Как известно, Басё родился в 1644-м году – на пороге смены двух эпох правления императоров, когда реальной властью в стране владел могущественный самурайский клан Токугава, а императоры превратились в символические личности-фигуры, которым народ поклонялся как посланникам богов. В 17-м веке они менялись очень часто, поэтому считать годы по названиям эпох было не так просто. За 50 лет жизни Басё сменилось шесть императоров и восемь эпох.

Третьему ребёнку в семье Мацуо Ёдзаэмона – второму мальчику после старшего брата Мацуо Хандзаэмона дали детское имя Кинсаку, а полностью официальное имя звучало Мацуо Тюдзаэмон Мунэфуса. Сама фамилия Ёдзаэмон означала, что когда-то её носители имели отношение к сословию самураев – охранителей императорского двора. Подробно система формирования кланов и их история расписаны в древней летописи «Хэйкэ моногатари», изданной у нас в замечательном переводе И. Львовой и А. Долина под названием «Повесть о доме Тайра» (Москва, изд. Художественная литература, 1982 г.).

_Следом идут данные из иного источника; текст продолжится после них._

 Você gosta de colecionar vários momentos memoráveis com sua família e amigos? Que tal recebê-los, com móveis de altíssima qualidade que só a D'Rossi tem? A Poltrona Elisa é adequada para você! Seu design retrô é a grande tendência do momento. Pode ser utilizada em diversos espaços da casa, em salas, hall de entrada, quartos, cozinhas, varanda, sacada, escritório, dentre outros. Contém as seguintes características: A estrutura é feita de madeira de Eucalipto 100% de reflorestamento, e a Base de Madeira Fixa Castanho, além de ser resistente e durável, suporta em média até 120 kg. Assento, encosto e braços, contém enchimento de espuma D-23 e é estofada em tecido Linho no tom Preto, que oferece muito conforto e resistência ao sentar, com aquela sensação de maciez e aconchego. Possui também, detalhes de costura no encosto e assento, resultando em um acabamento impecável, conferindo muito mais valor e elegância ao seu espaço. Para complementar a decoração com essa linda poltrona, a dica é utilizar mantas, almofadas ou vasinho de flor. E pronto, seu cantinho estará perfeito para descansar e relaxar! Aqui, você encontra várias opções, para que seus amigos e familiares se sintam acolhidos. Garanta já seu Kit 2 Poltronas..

Согласно табелю о рангах, отец Басё относился к разряду «мусокунин» – самураев-крестьян «дзисамурай», которым власти не выделяли земельные наделы, но ежегодно выплачивали денежное пособие в виде прожиточного минимума и выдавали рисовые пайки на каждого члена семьи. Их ещё называли «дзиси» и «коси». Воины-крестьяне могли когдато занимать более высокое положение, но теряли его с переходом на сельский образ жизни, покидая службу при дворе. Своего рода «силовики» в деревне. Получая пособия и рисовые пайки, они как военнообязанные могли быть призваны для участия в военных сражениях.

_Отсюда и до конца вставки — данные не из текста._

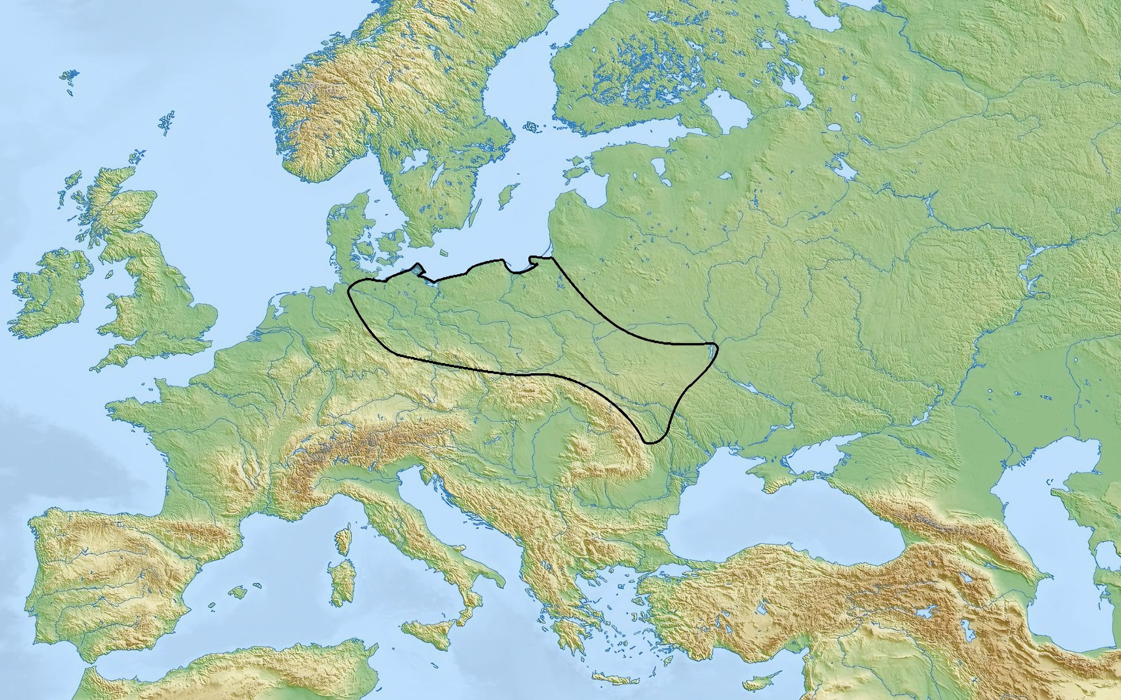 이 문화를 묶음하는 구역은 중부 유럽이라, 앞에서 말한 끈 무늬 문화(아래 지도 참조)랑 근간이 겹친다. 구체로 보면 끈 문화가 훨씬 범위가 넓어 둘 사이 관계를 공간이라는 측면에서 보면, 합집합과 부분 집합 관계랑 같다.

Безземельным отец семейства Мацуо Ёдзаэмон стал по той причине, что в какое-то время он покинул выделенный ему земельный надел в родном уезде Ига и поселился в соседнем уезде Уэно. Их родственники, другие Ёдзаэмоны, остались в Ига, где проживали ещё десять семей с такой же фамилией. Среди них были и зажиточные самураи, владевшие сравнительно большими участками земли. В то время стоимость земли определялась не размерами или площадью участка, а количеством собираемого с надела земли риса. Один «коку» равнялся 150 кг риса. У семьи Басё участок земли был вовсе не самым маленьким – давал пять тысяч коку в год, а надел самого богатого из Ёдзаэмонов – семь тысяч коку. В понятие «иэ» – «дом», в то время вкладывалось ещё и значение «родовая усадьба». Как и другие Ёдзаэмоны, семья поэта имела даже отдельное место на родовом кладбище местного храма-молельни Айдзэн-ин.

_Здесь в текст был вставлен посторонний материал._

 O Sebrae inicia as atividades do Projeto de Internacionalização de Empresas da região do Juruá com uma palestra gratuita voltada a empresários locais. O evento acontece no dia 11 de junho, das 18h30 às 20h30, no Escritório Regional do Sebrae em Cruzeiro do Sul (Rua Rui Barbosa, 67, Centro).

Мать будущего поэта тоже принадлежала к самурайскому сословию, точнее, к одной из потерявших влияние знатных ветвей «Момоти», в фамилии которых фигурировал иероглиф «то» – японское слово «момо» – «персик». По-видимому, относившийся с особым почтением к предкам матери Басё в один из многочисленных псевдонимов включил тот самый иероглиф «то» – «Тосэй», подчёркивая знатокам своё непростое происхождение.

Фамилия отца, хоть и обозначала его принадлежность к самураям, всё же не считалась знатной, так как в её написании используется иероглиф «левый», что не позволяло носителю фамилии претендовать на высокое положение среди других самурайских сословий, поскольку выше статусом были те, у кого в фамилии был указан иероглиф «правый».

Когда-то было очень легко судить о статусе лица по его фамилии. «Киндзаэмон» – по иероглифу «близкий» – охраняли трон, «мондзаэмон» – защищали «мон» – ворота замка. Сидевшие от императора справа «правые» – «удзаэмоны», служили воинами, а «левые» – «садзаэмоны», кормили и обслуживали двор. Конечно, я немного утрирую, но, в принципе, система фамильных суффиксов самураев фактически являлась табелем о рангах иерархического подчинения, подобно воинским званиям в армии.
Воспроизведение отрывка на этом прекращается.